So i talked to the owner tonight. He sounds like a really nice horse. He has been used as a ranch horse all his life. He does sliding stops and spins. Hasnt been to a branding, more so just herds the cows and what not. You can rope off of him. Came off of a big ranch in oregon. He is a very calm horse but can get fiesty(hot whatever ya want to say), but the owner told me all he does is stop him and lets him get his head back (calm down) and then off they go again. The daughter (adult daughter lol) took some lessons on him to improve her riding. Cody is very sensitive and pretty well trained. He can really move out and cover some ground. Has a very nice rocking horse lope, and a awsome extended trot. He has a big motor on him, and he will go as fast or slow as you want him to go. I cant wait to go see him, but i got to make sure i can get my board deal. It all depends on wether or not i get a horse. So keep your fingers crossed and i will jkeep you guys up dated. But he sounds really well broke and exactly what im looking for, except the fact that he is not a love bug, but most ranch horses arent , o well lol.


----------



## smrobs (Jul 30, 2008)

XXXX All crossed. And he may turn into a love bug after a while. He has probably never been around it to know if he likes it or not.


----------



## kevinshorses (Aug 15, 2009)

reining girl said:


> So i talked to the owner tonight. He sounds like a really nice horse. *He has been used as a ranch horse all his life*. He does sliding stops and spins. *Hasnt been to a branding*, more so just herds the cows and what not. You can rope off of him. Came off of a big ranch in oregon.
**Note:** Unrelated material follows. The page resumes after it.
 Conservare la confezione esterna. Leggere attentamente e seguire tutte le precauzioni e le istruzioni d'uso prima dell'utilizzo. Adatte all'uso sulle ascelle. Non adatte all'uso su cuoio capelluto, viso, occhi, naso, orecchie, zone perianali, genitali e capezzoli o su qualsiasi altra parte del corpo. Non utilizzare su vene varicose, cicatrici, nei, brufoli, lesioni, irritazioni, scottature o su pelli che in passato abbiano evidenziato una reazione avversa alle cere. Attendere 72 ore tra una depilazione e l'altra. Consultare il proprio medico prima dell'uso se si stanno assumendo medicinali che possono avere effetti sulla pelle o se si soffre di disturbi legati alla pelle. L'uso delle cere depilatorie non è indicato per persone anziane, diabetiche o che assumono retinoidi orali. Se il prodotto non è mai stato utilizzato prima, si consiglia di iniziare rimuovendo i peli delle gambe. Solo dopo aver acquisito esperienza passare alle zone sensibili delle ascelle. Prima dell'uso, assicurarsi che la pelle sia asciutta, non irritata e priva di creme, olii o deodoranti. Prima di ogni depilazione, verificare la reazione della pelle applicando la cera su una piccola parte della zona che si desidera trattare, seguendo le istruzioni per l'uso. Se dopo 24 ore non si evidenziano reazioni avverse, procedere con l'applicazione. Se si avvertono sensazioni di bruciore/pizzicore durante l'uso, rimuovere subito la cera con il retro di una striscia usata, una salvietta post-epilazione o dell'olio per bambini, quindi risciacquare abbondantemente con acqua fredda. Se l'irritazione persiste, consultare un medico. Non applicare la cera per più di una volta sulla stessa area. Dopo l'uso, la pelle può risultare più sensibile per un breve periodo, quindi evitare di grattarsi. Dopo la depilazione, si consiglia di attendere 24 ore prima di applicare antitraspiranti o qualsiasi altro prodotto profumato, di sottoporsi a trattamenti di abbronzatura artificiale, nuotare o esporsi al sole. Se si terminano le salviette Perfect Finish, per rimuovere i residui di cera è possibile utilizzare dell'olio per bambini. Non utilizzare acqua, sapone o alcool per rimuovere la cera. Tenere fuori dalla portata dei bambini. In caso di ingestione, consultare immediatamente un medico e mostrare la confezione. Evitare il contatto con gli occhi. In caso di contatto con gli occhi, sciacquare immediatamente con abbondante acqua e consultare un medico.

That is the only thing that sounds suspicious to me.


----------



## mom2pride (May 5, 2009)

Oooooh definitely crossing my fingers for you!!! He sounds perfect for you!! And don't worry, he'll probably come around with someone coming out all the time just to love on him  Lots of love and carrots can turn pretty much any 'non lover' horses around...hahaha


----------



## riccil0ve (Mar 28, 2009)

I like him, and I have no idea why. I hope it all works out for you!

And I'm sure once he gets some love and attention, he'll turn into a love bug. =]


----------



## reining girl (Jan 30, 2009)

lol i hope he will turn into a love bug. Thanks guys, i hope it will work out. The owner also said i could take him on a trial! Kevinshorse- i should of put in there that the *current owner* has not used him for brandings. He has just used him to gather cattle up. forgot to put that little tid bit in there, thats what happens when the brain thinks faster than the fingers can type hehehehe.


----------



## reining girl (Jan 30, 2009)

o and i found out he wears a size 1 shoe, so he has nice big feet(for his size). I think the rocks and the hairy pasterns make his feet look small.


----------



## JustLeaveIt2Mya (Jun 6, 2009)

the cannon/pasterns really jumped out at me their by far the cutest little things i ever seen,, big horse hes cute!


----------



## reining girl (Jan 30, 2009)

lol, i know. I hope it will work out.


----------



## reining girl (Jan 30, 2009)

So, i might be getting to take a look at him soon! Sunday, im going to talk over the board deal wiht my boss. Cross your fingers.


----------



## reining girl (Jan 30, 2009)

ok so i got good news. She would let me board him, and i just pay for hay. So now i just have to decide if i want him or a truck......... hmmmmmmm


----------